Scottish Unionism is finished and has been for some time
Does the book point to Scottish independence as the way forward?
“It’s a book for a big international market and that question is left entirely open,” said Pittock. “The book suggests that the Union doesn’t really work as it’s presently constituted. People think the Union’s been there for 300 years but the kind of Union we have now is much younger than that.”
He believes that many in Scotland, including the politicians, have not yet worked out how to deal with this new type of very rigid English-orientated Union.
“The other point the book makes is that maybe the current politics of Scotland haven’t made themselves properly ready to be anything else than within the Union,” said Professor Pittock.
“The book is meant to be balanced and say the Union has ceased to be what it used to be but if Scotland wants to be any different, it has to find the politics to be different. And it hasn’t quite found that yet.
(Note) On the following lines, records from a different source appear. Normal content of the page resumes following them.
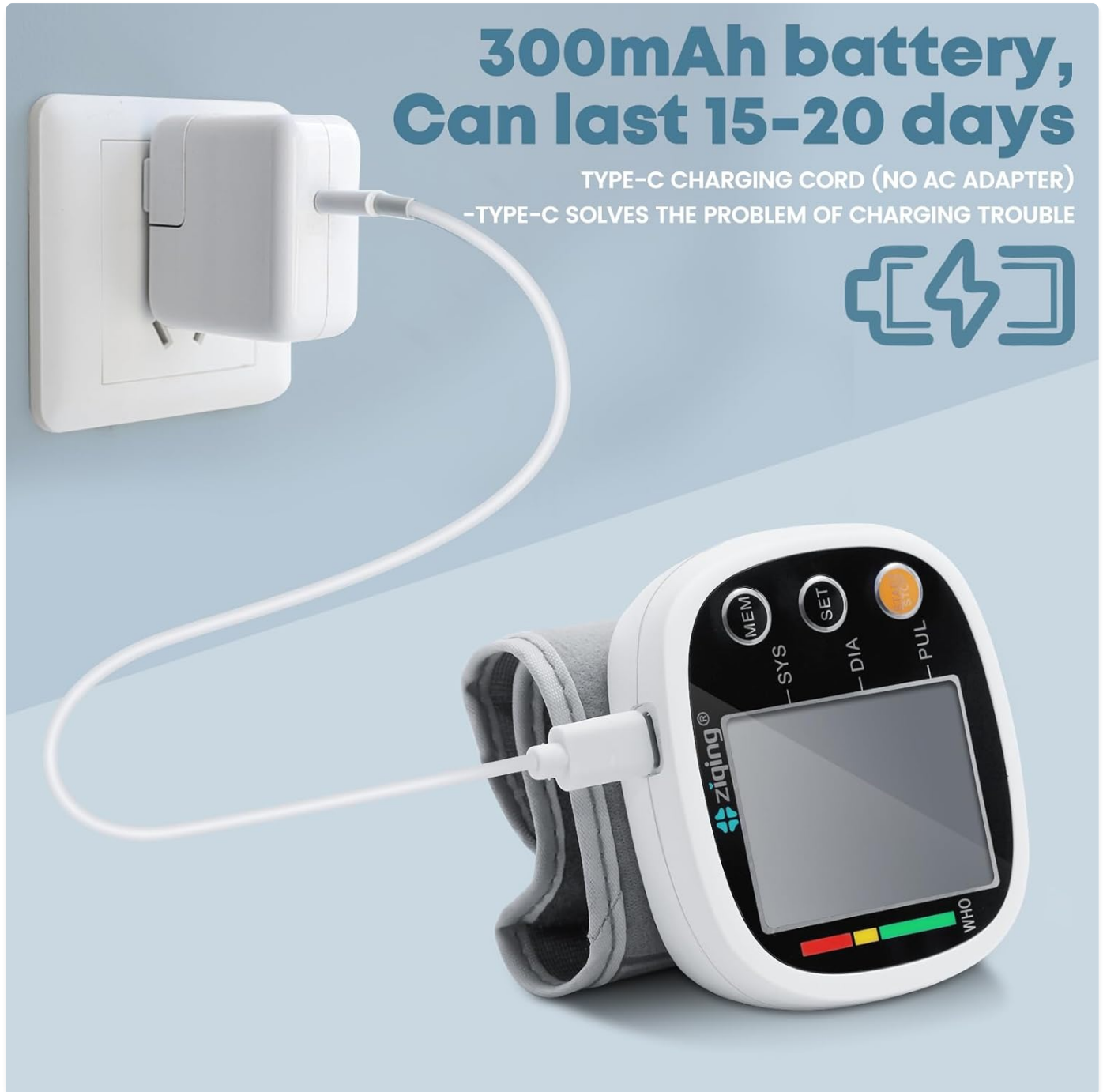
Figure 2: The monitor being charged via its Type-C port. A full charge can last for 15-20 days or up to 150 readings.

Before first use, fully charge the blood pressure monitor. Connect the provided Type-C charging cable to the device's charging port and plug the other end into a standard USB power adapter (not included) or a computer USB port. The battery indicator on the display will show charging status.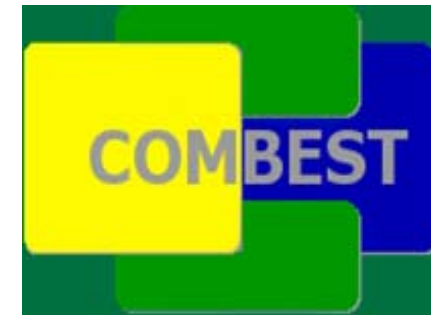
FP7 COMBEST Project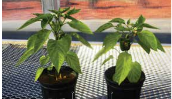
50/50 Potting Soil and Profile® Lawn & Landscape Porous Ceramic Soil Conditioner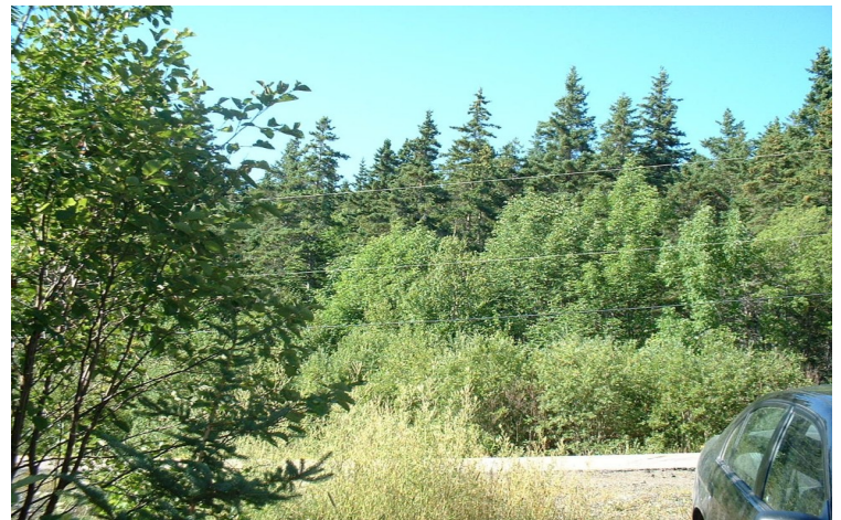
Entrance to lakefront property

The electoral politics and the constitutional politics don’t exactly map on to one another.
“I don’t over specify but I think if you want to develop a different state, you have to develop a different politics, a different set of institutions and very consistent messaging around that, difficult as it is.”
It might help if people, particularly leaders, knew their history, according to Pittock.
“History is extremely important, yet we are seeing political decisions of enormous moment being taken by people who think that they don’t need to know any history. This has been getting steadily worse for the last 40 years but history is the best guide to the future we’ve got,” Pittock said.